Here's the full logfile (bb_pipeline_diff__sub_002S0413_XXXXX.log) I get when running it:

2020-08-28 10:49:48,554 - bb_pipeline_diff - INFO - Starting the subject processing: Fri Aug 28 10:49:48 2020                                                                                                                    
2020-08-28 10:49:48,554 - bb_pipeline_diff - INFO - Subject received as input: sub-002S0413                                                                                                                                      
2020-08-28 10:49:48,555 - bb_pipeline_diff - INFO - COMMAND TO RUN:     ${FSLDIR}/bin/fsl_sub -q bigmem_16.q   -N "bb_pre_eddy_sub-002S0413" -j 1479449  -l /liberatrix/mcintosh_lab/nfrazier-logue/sub-002S0413/logs/ $BB_BIN_DIR/bb_diffusion_pipeline/bb_eddy/bb_pre_eddy sub-002S0413                                                                                                                                                                      
2020-08-28 10:49:48,694 - bb_pipeline_diff - INFO - COMMAND OUTPUT:     1479456                                                                                                                                                  
2020-08-28 10:49:48,695 - bb_pipeline_diff - INFO - COMMAND TO RUN:     ${FSLDIR}/bin/fsl_sub -q bigmem_16.q  -N "bb_eddy_sub-002S0413" -j 1479456  -q $FSLGECUDAQ -l /liberatrix/mcintosh_lab/nfrazier-logue/sub-002S0413/logs/ $BB_BIN_DIR/bb_diffusion_pipeline/bb_eddy/bb_eddy_wrap /liberatrix/mcintosh_lab/nfrazier-logue/sub-002S0413                                                                                                                      
2020-08-28 10:49:48,818 - bb_pipeline_diff - ERROR - Exception raised during execution of:      ${FSLDIR}/bin/fsl_sub -q bigmem_16.q  -N "bb_eddy_sub-002S0413" -j 1479456  -q $FSLGECUDAQ -l /liberatrix/mcintosh_lab/nfrazier-logue/sub-002S0413/logs/ $BB_BIN_DIR/bb_diffusion_pipeline/bb_eddy/bb_eddy_wrap /liberatrix/mcintosh_lab/nfrazier-logue/sub-002S0413                                                                                              
2020-08-28 10:49:48,819 - bb_pipeline_diff - ERROR - Exception type:    <class 'subprocess.CalledProcessError'>                                                                                                                  
2020-08-28 10:49:48,819 - bb_pipeline_diff - ERROR - Exception args:    (127, '${FSLDIR}/bin/fsl_sub -q bigmem_16.q  -N "bb_eddy_sub-002S0413" -j 1479456  -q $FSLGECUDAQ -l /liberatrix/mcintosh_lab/nfrazier-logue/sub-002S0413/logs/ $BB_BIN_DIR/bb_diffusion_pipeline/bb_eddy/bb_eddy_wrap /liberatrix/mcintosh_lab/nfrazier-logue/sub-002S0413')                                                                                                             

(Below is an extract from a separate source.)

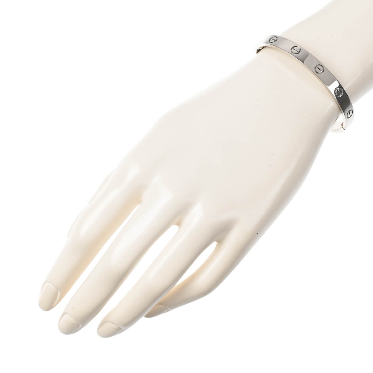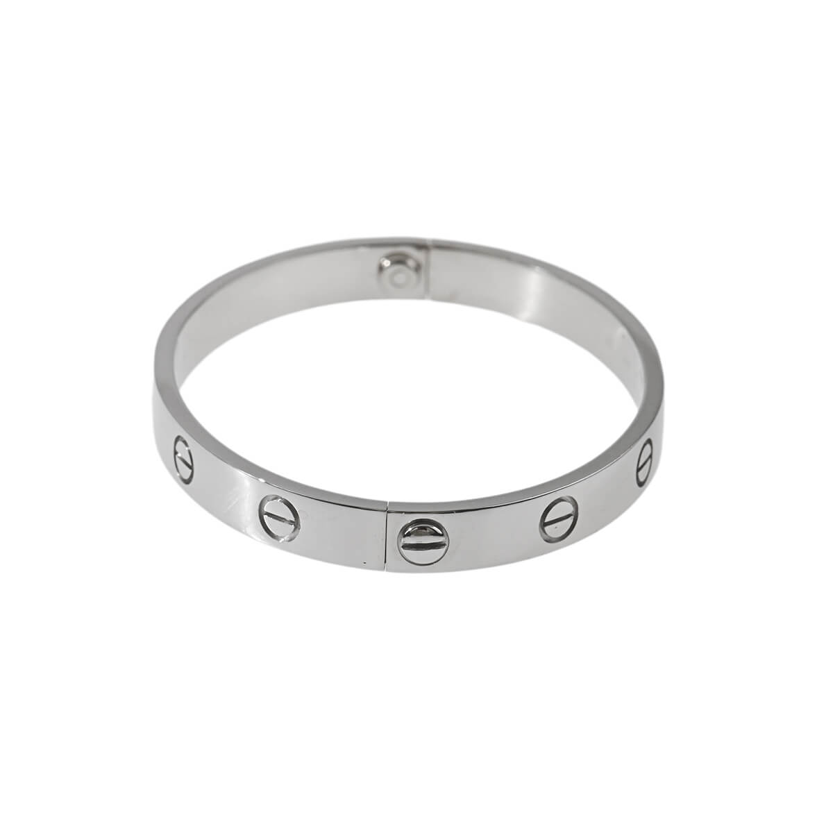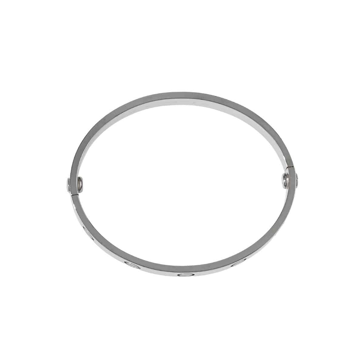 1970年代、『Cartier(カルティエ)』ニューヨークのアトリエで、イタリア出身のジュエリーデザイナー、アルド・チプロによってデザインされた「LOVE」ブレスレット。永遠に結ばれる“絆”のコレクションは、無駄のない端正なビス、完成されたシェイプ、その確固たるエレガンスがタイムレスな魅力を放ちます。端正なビスがデザインのアクセントになった、洗練されたフォルムが美しいホワイトゴールド製オーバルシェイプブレスレット。艶やかに磨かれたマテリアルの美しさが際立つブレスレットは、1本ですっきりと洗練された存在感を楽しむのはもちろん、地金をミックスしてレイヤリングするのも素敵です。

2020-08-28 10:49:48,819 - bb_pipeline_diff - ERROR - Exception message:         Command '${FSLDIR}/bin/fsl_sub -q bigmem_16.q  -N "bb_eddy_sub-002S0413" -j 1479456  -q $FSLGECUDAQ -l /liberatrix/mcintosh_lab/nfrazier-logue/sub-002S0413/logs/ $BB_BIN_DIR/bb_diffusion_pipeline/bb_eddy/bb_eddy_wrap /liberatrix/mcintosh_lab/nfrazier-logue/sub-002S0413' returned non-zero exit status 127.                                                                 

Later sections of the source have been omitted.